# cleaning food you hunt



## Kamil (May 17, 2013)

ima start a rural squat none to far from an urban area preety soon, i would be able to hunt things like birds or squirrels and stuff. What are some methods for cleaning the meat properly and some recipes for small game like that or even possums and such?


----------



## Firefly (May 17, 2013)

I wouldn't even bother with birds unless your harvesting something large like a Turkey. As for small critters like squirrel and rabbit there are numerous videos on Youtube that show you how to clean.

A recipe I like is once you've cleaned two squirrel quarter them out in large portions(shoulder and backstrap, hind legs). Soak them in salty water for a few hours to help take the gamey taste away. After soaking, lay out a section of aluminum foil and lay the squirrel meat in the center. Cut up a onion, drop the onion slices on top of the meat, Cut up a potato and do the same. Cut up a carrot in small circular sections and toss em in. Season with 2 tsp of salt, and as much pepper as you like. Also if you have season all or whatever other spices you like add them now. Roll the aluminum foil up like a burrito across the middle. Roll the end up to the center but not too tight. Set it aside.

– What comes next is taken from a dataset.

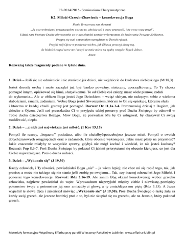 F2-2014/2015- Seminarium Charyzmatyczne K2. Miłość-Grzech-Zbawienie – konsekwencja Boga Panie Ty wzywasz nas słowami „Ja was wybrałem i przeznaczyłem was na to, abyście szli i owoc przynosili, i by owoc wasz trwał”. Udziel nam Swojego Ducha aby wszystko co w nas złożyłeś zostało wykorzystane do budowania Twojego Królestwa. Pragnę się stać wspaniałym narzędziem w Twoich rękach. Przyjdź mój Ojcze w powiewie wichru, jak Eliasza przeszyj duszę mą, do białości rozpal serce me i uczyń ze mnie miecz na zgubę wrogów Twych Jahwe. Amen Rozważaj także fragmenty podane w tytule dnia. 1. Dzień – Jeśli się nie odmienicie i nie staniecie jak dzieci, nie wejdziecie do królestwa niebieskiego (Mt18,3) Jesteś dorosłą osobą i może zacząłeś już być bardzo poważny, stateczny, uporządkowany. To Ty chcesz pomagać innym, opiekować się kimś, służyć komuś. To od Ciebie coś zależy, masz wiele planów, zadań do wykonania... Ale w obliczu Boga jesteś Jego Dzieckiem – wciąż słabym, nie radzącym sobie z wieloma słabościami, ranami, zadaniami. Wobec Boga jesteś Stworzeniem, którym to On się opiekuje, któremu służy i któremu w każdej chwili gotowy jest pomagać. Rozważ Oz 11,1a.3-4. Porozmawiaj dzisiaj z Bogiem, jak dziecko z Ojcem. Jeśli coś przeszkadza Ci w przyjęciu takiej postawy, proś Ducha Świętego by odnowił w Tobie ducha dziecięctwa Bożego. Mów Bogu, że pozwalasz Mu by Ci usługiwał, by okazywał Ci swoją troskliwość, ciepło. 2. Dzień – ...z nich zaś największa jest miłość. (1 Kor 13,13) Pomyśl ile rzeczy, „bogactw” posiadasz, albo ile chciałbyś/potrzebujesz jeszcze mieć. Pomyśl o swoich dotychczasowych osiągnięciach oraz o zadaniach, które obecnie wykonujesz. Jakie masz plany na przyszłość? Jakie znaczenie miałyby te wszystkie sprawy, gdybyś nie mógł kochać i wiedział, że nie jesteś kochany? Rozważ: Pnp 8,6-7. Proś Ducha Świętego by pokazał Ci jakimi priorytetami się obecnie kierujesz, co jest dla Ciebie najważniejsze. Proś o ducha miłości. 3. Dzień – „Wykonało się” (J 19,30) Każdy człowiek, i Ty również, powiedziałeś Bogu „nie” – ja wiem lepiej; nie chce mi się robić tego, tak, jak prosisz; a może nic takiego się nie stanie jeśli zrobię po swojemu... Tak, czy inaczej odrzuciłeś Jego Miłość. I ponosisz tego konsekwencje. Rozważ: Rdz 3,16-19. Ale zanim Bóg okazał konsekwencję wobec grzechu człowieka, najpierw powiedział do węża: Wprowadzam nieprzyjaźń między ciebie i niewiastę, pomiędzy potomstwo twoje a potomstwo jej: ono zmiażdży ci głowę, a ty zmiażdżysz mu piętę (Rdz 3,15). A Jezus wypełnił te słowa Ojca i zakończył mówiąc „Wykonało się” (J 19,30). Proś Ducha Świętego o łaskę żalu za każdy swój grzech, ale jeszcze bardziej proś o to, byś nie skupiał się na grzechu, ale na Jezusie, który pokonał grzech. Materiały formacyjne Wspólnoty Effatha przy parafii Wieczerzy Pańskiej w Lublinie; www.effatha-lublin.pl 4. Dzień – Błogosławieni czystego serca, albowiem oni Boga oglądać będą. (Mt 5,8) Zapewne wiesz, że Bóg Cię kocha, ale mimo to grzeszysz. Nie jesteś jedyny. Nie brak Ci głupoty, uporu, słabości, złości... (możesz dodać swoje spostrzeżenia). Ten grzech przynosi konkretne konsekwencje (czy potrafisz je zauważyć/nazwać?) Ale w głębi serca jesteś dobry, chcesz być dobry, chcesz być blisko Boga, więc modlisz się, wykonujesz dobre uczynki, podejmujesz dobre postanowienia, obiecujesz, że już nigdy więcej czegoś nie zrobisz... A co na to Pan Bóg? Na czym Jemu najbardziej zależy? Rozważ: Iz 1,1-20. Proś Ducha Świętego o czyste serce, o miłość ku Bogu. 5. Dzień – Zbawienie przyszło przez Krzyż, ogromna to tajemnica... Odpraw dzisiaj drogę krzyżową i zapytaj Jezusa dlaczego się na to wszystko zgodził? 6. Dzień - Albowiem Bóg nie posłał swego Syna na świat po to, aby świat potępił, ale po to, by świat został przez Niego zbawiony. (J 3,17) Bóg Ciebie kocha – wierzysz w to? Jeżeli grzeszysz Bóg nadal Cię kocha, wierzysz w to? Ale grzesząc, nie idziesz tą drogą, którą wyznaczył Ci Bóg, byś do Niego doszedł. Czy masz świadomość, że każdy grzech (mały, duży, powszedni, śmiertelny, inny niż zwykle, czy powtarzający się od wielu lat) oddala Cię od Boga i Jego Królestwa? Ale Bóg Cię kocha, dlatego pragnie Twojego powrotu. Ofiarował Ci życie swojego Syna byś do Niego powrócił. Co zrobisz z tym Darem? Powiesz, że jesteś niegodny? Będziesz chciał zasłużyć, odpracować jakoś? Rozważ: Ez 34,11-16. Proś Ducha Świętego o łaskę zaufania Ojcowskiej Miłości i przemianę swojego serca ze względu na tę Miłość, a nie strach, czy ślepe posłuszeństwo. Materiały formacyjne Wspólnoty Effatha przy parafii Wieczerzy Pańskiej w Lublinie; www.effatha-lublin.pl

Start a fire, I use simple pyramid or teepee design. Keep the fire going for about an hour or so. While waiting this hour make sure to feed the fire medium sized fuel wood(not tinder or kindling but the beefy wood that burns for a while) dig a hole about 12-18 inches down. After the hour has passed let the flames die down, rake half the coals and embers into the hole you just dug. Drop in your squirrel, make sure to keep if flat so you don't lose any juices. Cover the top of your squirrel with the rest of the coals. Finally fill in the hole with earth. Find something to do for 2 hours. Come back after 2 hours and dig up your supper.


----------



## cport420 (May 17, 2013)

Go to this site www.eattheweeds.com they have an archive list that covers stuff from wild edible plants, insects, and animals. Should be enough Info there to cover most basic edibles


----------



## cport420 (May 17, 2013)

Also salt, pepper, garlic , onion, carrots, and pepper is a great simple addition to any meat pretty much. You can learn different shit from there prolly. Plus it's REAL food.


----------